Table 1 Variant detection in the genome of ground-reference triplicates of the ground-reference of Chroococcidiopsis sp. CCMEE 029 and space-derivate.
Figure 2
figure 2

Circular bar plots showing of single nucleotide variants (SNVs) in the ground-reference Chroococcidiopsis sp. CCMEE 029 and space-derivate. The yellow bar plot shows the SNV frequency in the ground-reference genome representing the sum, according to the set theory, of the SNVs of each ground-reference replicate (CCMEE 029 A, B and C). The light-blue bar plot shows SNVs frequency in the space-derived genome. Bars indicate the SNVs frequency in 50-kbp sectors, numbers show absolute frequency values.

The functional annotation of the ground-reference genome allowed the identification of genes affected by variants due to mutation position. The number of genes with variants were 309, 206 and 177 for the ground-reference triplicates, CCMEE 029 A, B and C, respectively, and 277 for the space-derived strain.

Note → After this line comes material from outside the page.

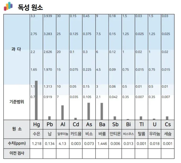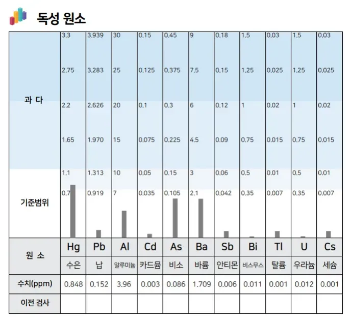 위의 결과는 나의 중금속 결과이고, 아래는 남편의 결과이다. 같이 살아서 모든 패턴이 동일하였다.

Ground-reference triplicates and space-derived sample shared 124 affected genes (Supplementary Table 5), while ground-reference triplicates shared 233 genes with at least one variant, and 103 genes with at least one variant occurred only in the space-derivate.

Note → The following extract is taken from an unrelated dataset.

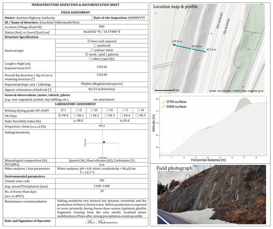 The road infrastructure asset maintenance and inspection routines should be adapted and individualized based on the climatic conditions, local topographic setting, and geologic setting. Figure 18 shows a suggested structure for a standardized inspection protocol with the relevant field- and laboratory-based assessment methods. The rock sample exhibits low slaking under dynamic and static conditions, with low liberation of fines. It is located in an area that experiences 25 freeze–thaw cycles, and it is exposed along a road cut with mesh protection. Freeze–thaw cycles have a more pronounced impact on rock weathering than wetting–drying alone, leading to an accelerated rate of degradation that necessitates enhanced surface protection. Systematically identifying vulnerable hotspots enables the targeted implementation of additional protective measures—such as soil nails, surface coverings, or grading—to reduce the risk of catastrophic failure during high-intensity rainfall events [81,82].

The functional categories of the 124 affected genes shared by ground-reference triplicates and space-derived sample were identified (Supplementary Fig. 6A). The 233 affected genes of the ground-replicates and the 103 genes of the space-derived strain belong to the same functional categories (Supplementary Fig. 6B,C).

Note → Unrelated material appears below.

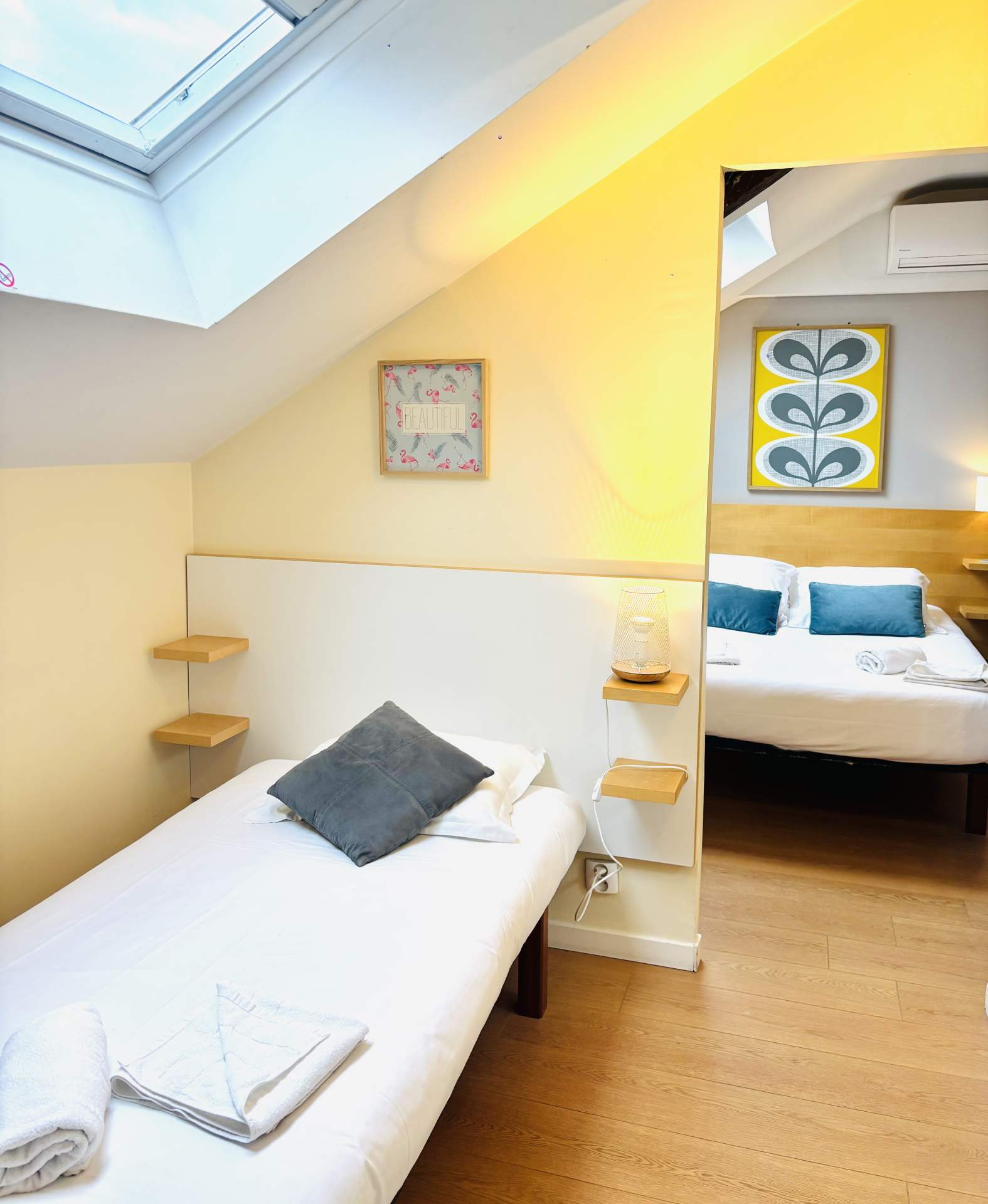 In a space of approximately 30m², this family room ensures comfort for everyone. Equipped with a large double bed, two bunk beds, and a bathroom, it is ideal for a family of 3 or 4 people.

The percentage of synonymous variants, calculated on the variants within the coding region, were 59%, 62%, 64% and 63% for CCMEE 029 A, B, C and space-derivate, respectively, while the non-synonymous variants were the 40%, 37%, 35% and 36%. Furthermore, 8 stop-gain variants were found in the space-derivate and an average of 9 in the ground-reference triplicates. The stop-codons gained with shared KEGG annotation in the ground-reference triplicates and space-derivate, were two IS6 family transposase (GO:0015074) and one GNAT family N-acetyltransferase (GO:0008080). Ground-reference triplicates shared one RidA family protein (IPR035959 (G3DSA:3.30.1330.GENE3D); IPR035959 (SUPERFAMILY), and one SRPBCC domain-containing protein (IPR023393 (G3DSA:3.30.530.GENE3D); IPR013538 (PFAM); PTHR36929 (PANTHER); PTHR36929:SF4 (PANTHER); SSF55961 (SUPERFAMILY)). Finally, one IS630 family transposase (PF13518 (PFAM); IPR025959 (PFAM); IPR038717 (PFAM); G3DSA:3.30.420.470 (GENE3D); PTHR23022 (PANTHER); IPR009057 (SUPERFAMILY) and one WecB/TagA/CpsF family glycosyltransferase (P:GO:0009058; F:GO:0047244) were present only in the space-derivate (Supplementary Table 6).

Structural variants (SVs)

SVs were identified by comparative analysis of the Illumina and Nanopore reads of the ground-reference triplicates and space-derivate against the ground-reference genome. The SVs identified in the ground-reference triplicates (CCMEE 029 A, B and C) and in the space-derivate were respectively 30, 11, 5 and 10. The SVs sharing the same genotype in all four samples were removed as well as the SVs longer than 10 kbp because lacking a strong support after alignment visual inspection. In the ground-reference replicate CCMEE 029-A, 10 variants passed the filters, corresponding to 4 deletions, 2 insertions and 4 duplications. The 4 variants retained in the ground-reference replicate CCMEE 029-B were one deletion, two deletions and one duplication. In the ground-reference replicate CCMEE 029-C, all the variants were filtered out. In the space-derived sample 3 variants were kept, one deletion, one insertion and one duplication. All the SVs found in the space-derived strain occurred in at least one of the ground-reference replicates CCMEE 029-A and 029-B and therefore considered as background noise.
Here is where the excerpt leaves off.